AIM OF THE EXERCISE -
Locate the line that contains "Kilku użytkowników na". Retype it and every line after it to the end of the records, exactly, but not the pictures.

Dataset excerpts
Start of Block
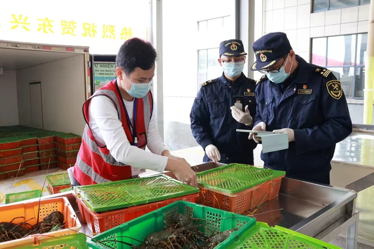 东兴公路口岸迎来首票进境龙虾通关。东兴市融媒体中心供图
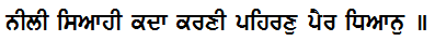 neelee siaahee kadhaa karanee pehiran pair dhhiaan ||
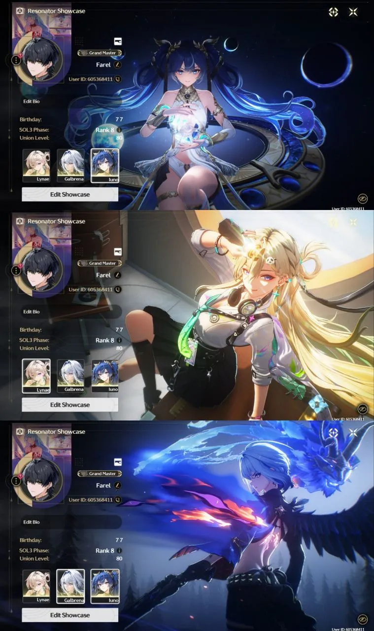 All Platform 🏹 EU 🇪🇺 Union80 💯 21 Character 10 5'Star 💎 11 Weapon 5'Star 🧨 Galbrena 🏆 Lupa 💲 Carlotta 💫 Lynae 🎯 Iuno 🌹 Code1231
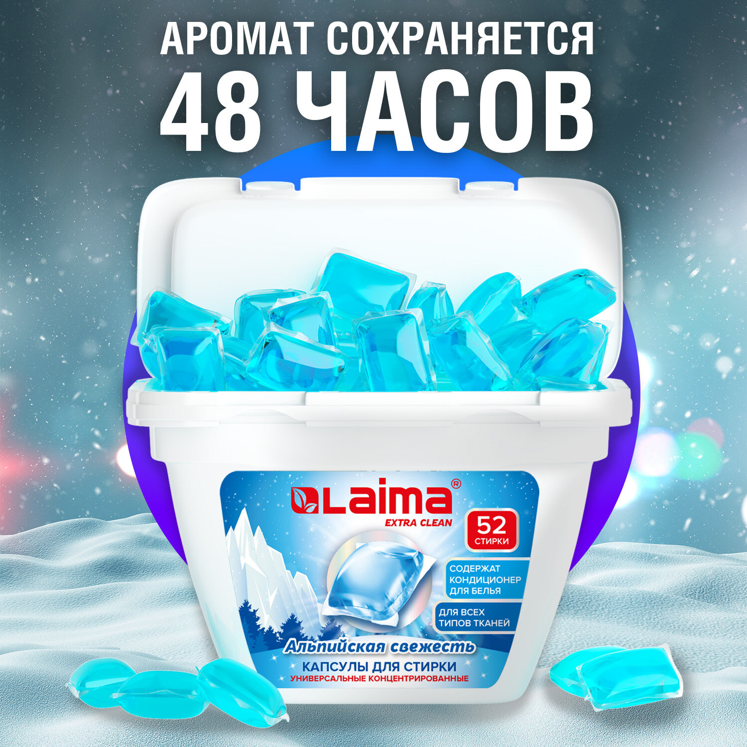 Капсулы для стирки белья концентрат 3 в 1 с кондиционером АЛЬПИЙСКАЯ СВЕЖЕСТЬ, 52 шт., LAIMA Код товара: 608264 369,1 ₽ Купить Производитель:LAIMA Капсулы для стирки LAIMA – это новое высокоэффективное концентрированное средство для стирки в водорастворимых капсулах. Удобный компактный формат позволяет дозировать количество капсул на стирку как при полной загрузке барабана, так и при частичной, а уникальная формула, содержащая смягчающие масла, заботится о ткани даже без использования кондиционера! Состав: более 30% анионные ПАВ, 5-15% дистиллированная вода, менее 5% антиресорбционное вещество, менее 5% кондиционер, энзимы, ароматизирующие добавки, краситель. Подходят для стирки цветных изделий из х/б, льняных, синтетических тканей и тканей из смешанных волокон (кроме шелка и шерсти). Подходят для режимов стирки от 40 минут и более. Подходят для воды любой жесткости. Не предназначено для ручной стирки. Плотно закрывайте упаковку после использования.Производство: КитайТип: автоматВес/Объем: 416 г/млВид средства: капсулыНазначение : для всех видов тканей, кроме шерсти и шелкаОтдушка: Альпийская свежестьКоличество капсул/стиков: 52 шт.Количество бункеров: 1 шт.Серия: CAPSВид упаковки: пластиковая коробкаСрок годности: 48 месВес: 542 грРазмер упаковки: 8.3 × 18.4 × 11.2 смОбъём: 0.0019 м3Промежуточная упаковка: 36 штТранспортная упаковка: 36 штШтрих-код: 4606224375816 Сертификат-1.jpg Сертификат-2.jpg
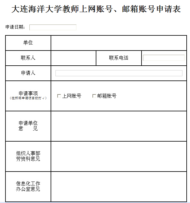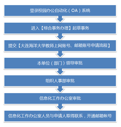 1. 申请人需通过校园办公自动化(OA)系统【综合事务办理】,提交【大连海洋大学教师上网账号、邮箱账号申请流程】选择“邮箱帐号”提交申请;
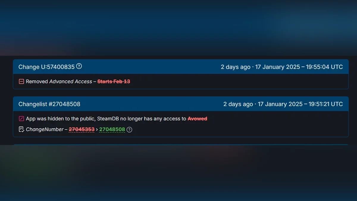 Kilku użytkowników na Reddit zgłosiło, że gra zniknęła z ich listy na Steamie po złożeniu zamówienia przedpremierowego. Dodatkowo, Centrum Społeczności Avowed zostało wyłączone z nieznanego powodu. Potwierdzenie tego można znaleźć w SteamDB — serwis pokazuje, że zmiany miały miejsce kilka dni temu. Linia o wydaniu w wersji wczesnego dostępu 13 lutego również została usunięta.
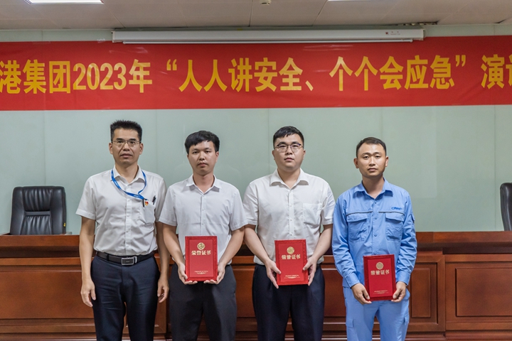 ▲長興石化公司蔡升高、李俊毅、何雄勝,濱海控股公司江振好、港口經(jīng)營公司張斯瑜榮獲三等獎 比賽期間還進行安全生產(chǎn)知識有獎?chuàng)尨瓠h(huán)節(jié),觀眾積極踴躍舉手參與,現(xiàn)場氣氛激烈。 蔡光章對本次“人人講安全、個個會應急”演講比賽給予充分肯定。他表示此次演講比賽選手立足本職崗位、結合工作實際,多角度多維度闡述對安全生產(chǎn)工作所感、所悟、所思,詮釋了安全生產(chǎn)的重要意義,營造了“人人講安全、個個會應急”濃厚氛圍。他強調,集團上下要樹牢安全理念,重視應急管理,掌握應急救援的基本流程、方法和要求,學會自救互救等本領,切實提高突發(fā)事件預防和應急處置能力,為集團高質量發(fā)展筑牢安全屏障。 本次比賽吸引了集團機關各部室及下屬企業(yè)代表共50多人到現(xiàn)場觀賽聆聽。
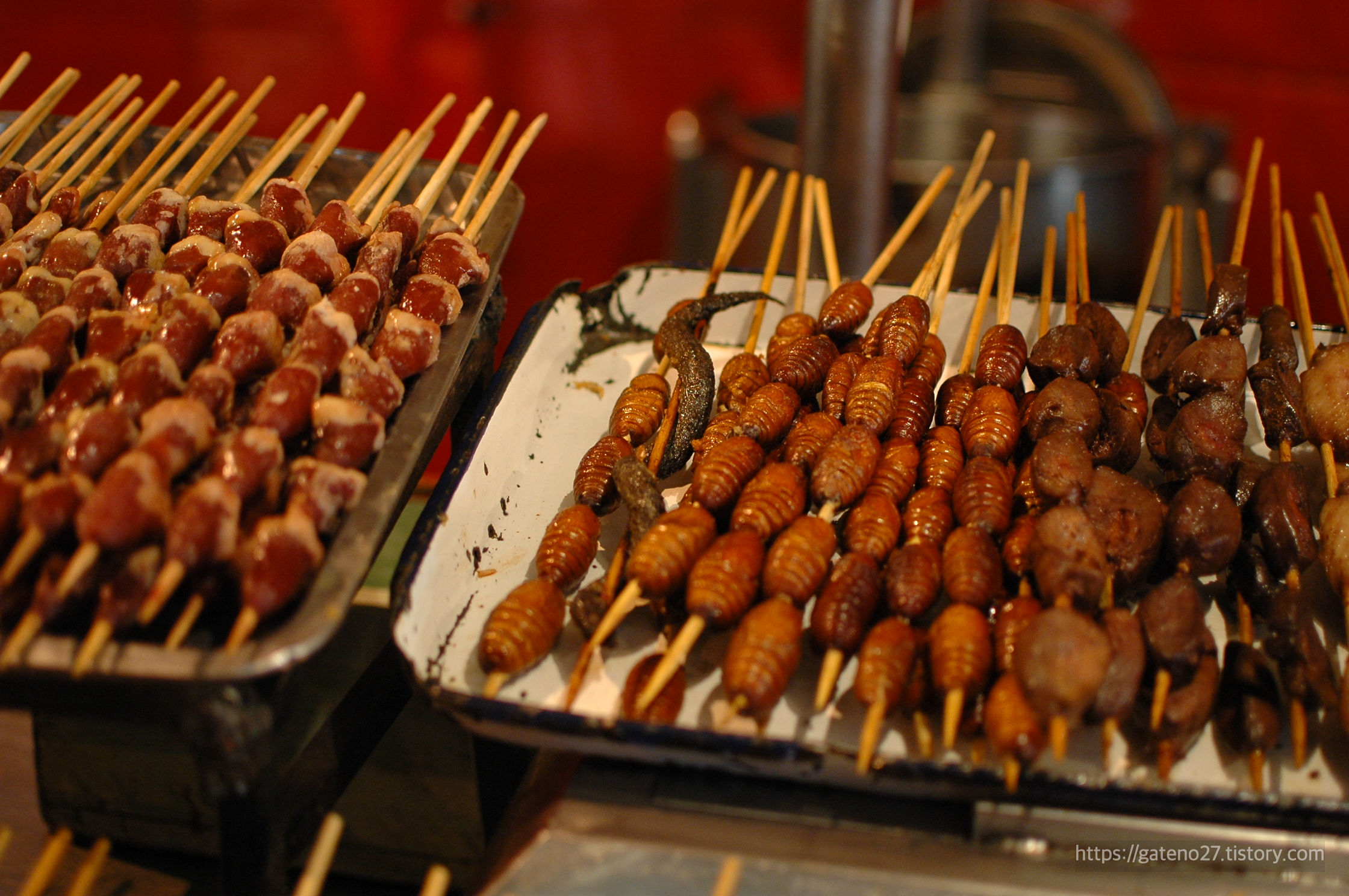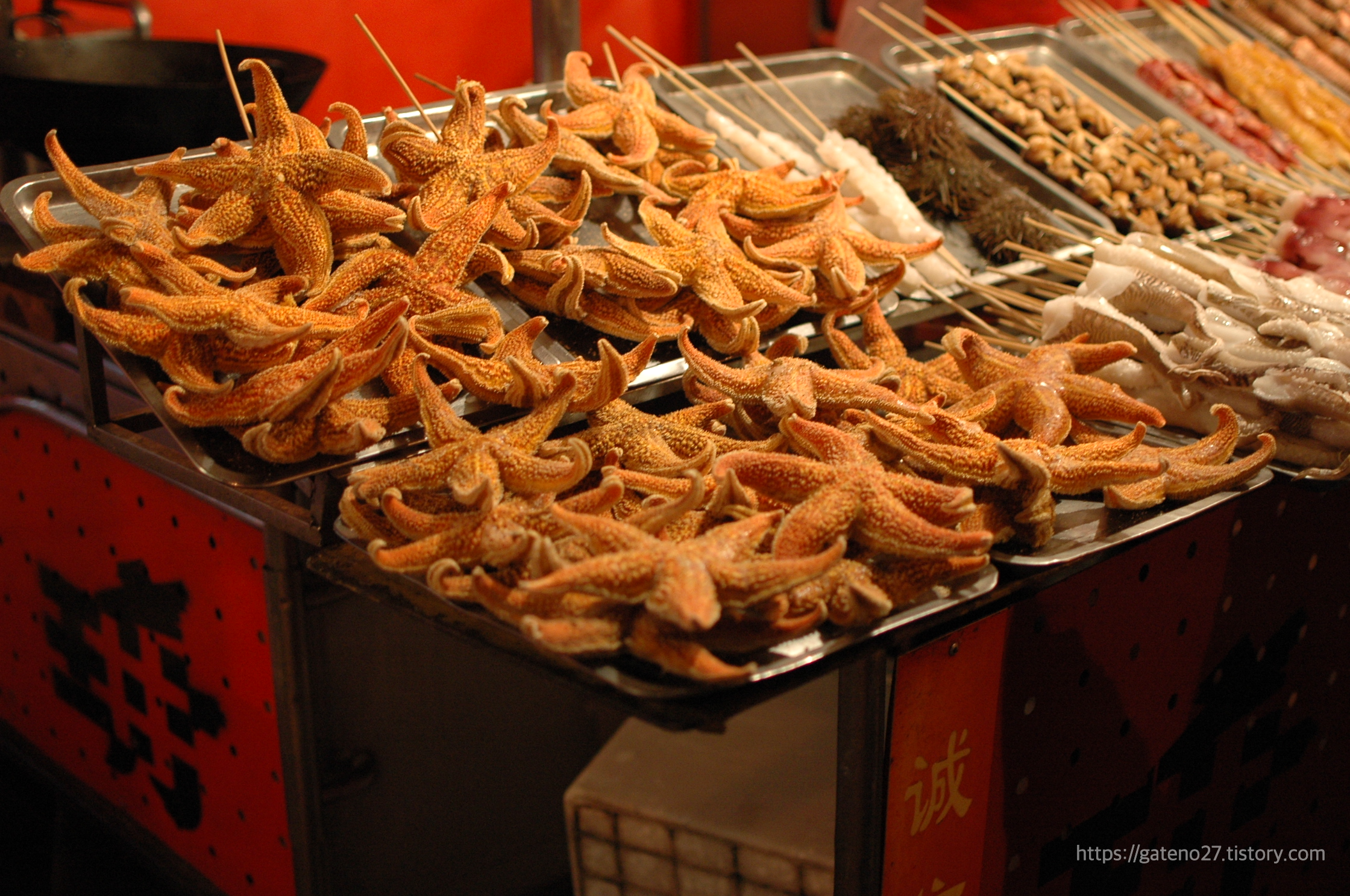 불가사리 튀김, 전갈 꼬치, 뱀 꼬치, 지네 구이, 거미 구이, 뭐 요런 것들이 있다.
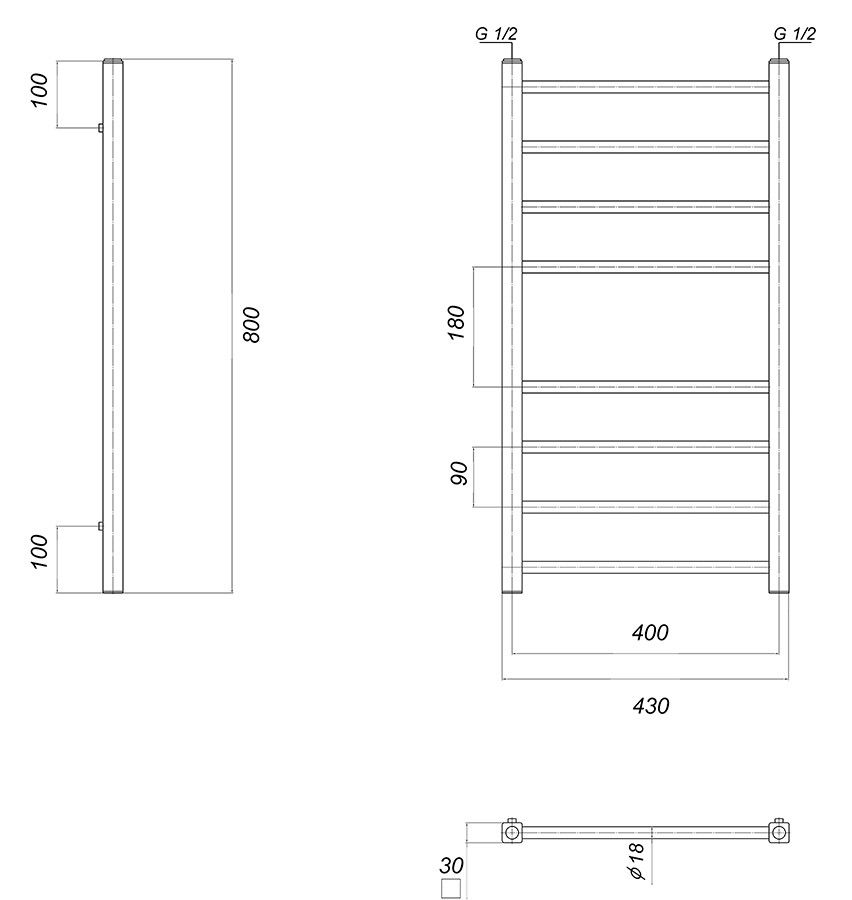 М/о расстояние (межосевое расстояние): 400Количество перекладин: 8Коллекция: КубаТип: водяныеЦвет: хромШирина (мм): 430Высота (мм): 800Глубина (мм): 90-80Вес: 8,1Объем: 0,0381Страна: РоссияГарантия: 10 лет
End of Block
RESULT OF THE TASK -
 Kilku użytkowników na Reddit zgłosiło, że gra zniknęła z ich listy na Steamie po złożeniu zamówienia przedpremierowego. Dodatkowo, Centrum Społeczności Avowed zostało wyłączone z nieznanego powodu. Potwierdzenie tego można znaleźć w SteamDB — serwis pokazuje, że zmiany miały miejsce kilka dni temu. Linia o wydaniu w wersji wczesnego dostępu 13 lutego również została usunięta.
 ▲長興石化公司蔡升高、李俊毅、何雄勝,濱海控股公司江振好、港口經(jīng)營公司張斯瑜榮獲三等獎 比賽期間還進行安全生產(chǎn)知識有獎?chuàng)尨瓠h(huán)節(jié),觀眾積極踴躍舉手參與,現(xiàn)場氣氛激烈。 蔡光章對本次“人人講安全、個個會應急”演講比賽給予充分肯定。他表示此次演講比賽選手立足本職崗位、結合工作實際,多角度多維度闡述對安全生產(chǎn)工作所感、所悟、所思,詮釋了安全生產(chǎn)的重要意義,營造了“人人講安全、個個會應急”濃厚氛圍。他強調,集團上下要樹牢安全理念,重視應急管理,掌握應急救援的基本流程、方法和要求,學會自救互救等本領,切實提高突發(fā)事件預防和應急處置能力,為集團高質量發(fā)展筑牢安全屏障。 本次比賽吸引了集團機關各部室及下屬企業(yè)代表共50多人到現(xiàn)場觀賽聆聽。
 불가사리 튀김, 전갈 꼬치, 뱀 꼬치, 지네 구이, 거미 구이, 뭐 요런 것들이 있다.
 М/о расстояние (межосевое расстояние): 400Количество перекладин: 8Коллекция: КубаТип: водяныеЦвет: хромШирина (мм): 430Высота (мм): 800Глубина (мм): 90-80Вес: 8,1Объем: 0,0381Страна: РоссияГарантия: 10 лет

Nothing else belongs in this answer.